Exercise data
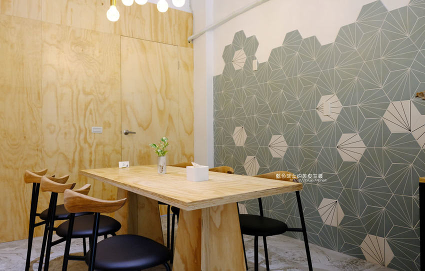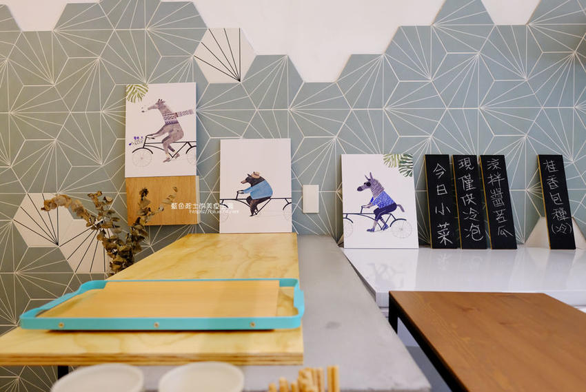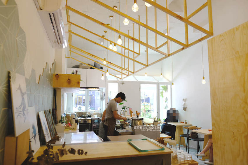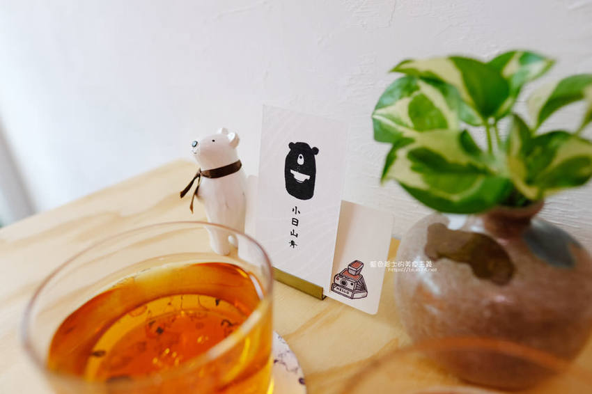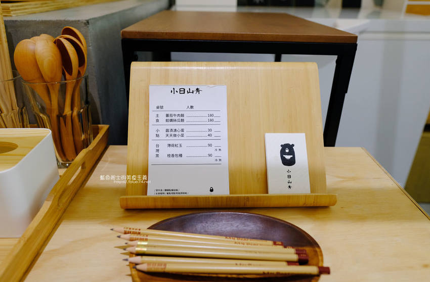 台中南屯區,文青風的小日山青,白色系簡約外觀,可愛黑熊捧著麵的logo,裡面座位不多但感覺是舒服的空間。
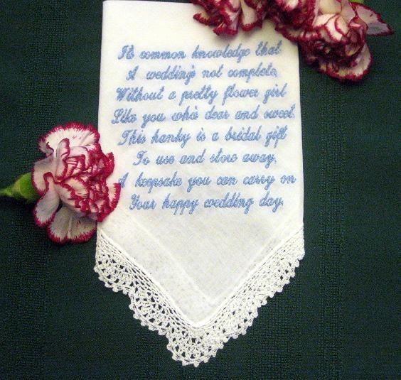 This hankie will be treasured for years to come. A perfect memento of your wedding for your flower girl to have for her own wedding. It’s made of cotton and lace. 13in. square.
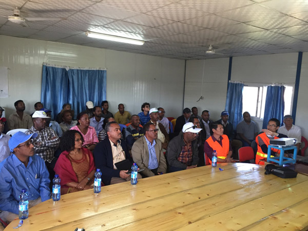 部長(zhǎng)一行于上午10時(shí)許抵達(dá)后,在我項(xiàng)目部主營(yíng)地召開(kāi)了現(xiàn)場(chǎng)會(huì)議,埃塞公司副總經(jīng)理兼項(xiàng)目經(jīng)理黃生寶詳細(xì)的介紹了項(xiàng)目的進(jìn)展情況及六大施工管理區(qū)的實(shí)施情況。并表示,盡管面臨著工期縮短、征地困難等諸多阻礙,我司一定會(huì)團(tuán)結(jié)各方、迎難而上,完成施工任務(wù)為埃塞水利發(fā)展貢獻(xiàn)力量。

Prompt
Pictures aside, return all of the material exactly as written.

Reply
 台中南屯區,文青風的小日山青,白色系簡約外觀,可愛黑熊捧著麵的logo,裡面座位不多但感覺是舒服的空間。
 This hankie will be treasured for years to come. A perfect memento of your wedding for your flower girl to have for her own wedding. It’s made of cotton and lace. 13in. square.
 部長(zhǎng)一行于上午10時(shí)許抵達(dá)后,在我項(xiàng)目部主營(yíng)地召開(kāi)了現(xiàn)場(chǎng)會(huì)議,埃塞公司副總經(jīng)理兼項(xiàng)目經(jīng)理黃生寶詳細(xì)的介紹了項(xiàng)目的進(jìn)展情況及六大施工管理區(qū)的實(shí)施情況。并表示,盡管面臨著工期縮短、征地困難等諸多阻礙,我司一定會(huì)團(tuán)結(jié)各方、迎難而上,完成施工任務(wù)為埃塞水利發(fā)展貢獻(xiàn)力量。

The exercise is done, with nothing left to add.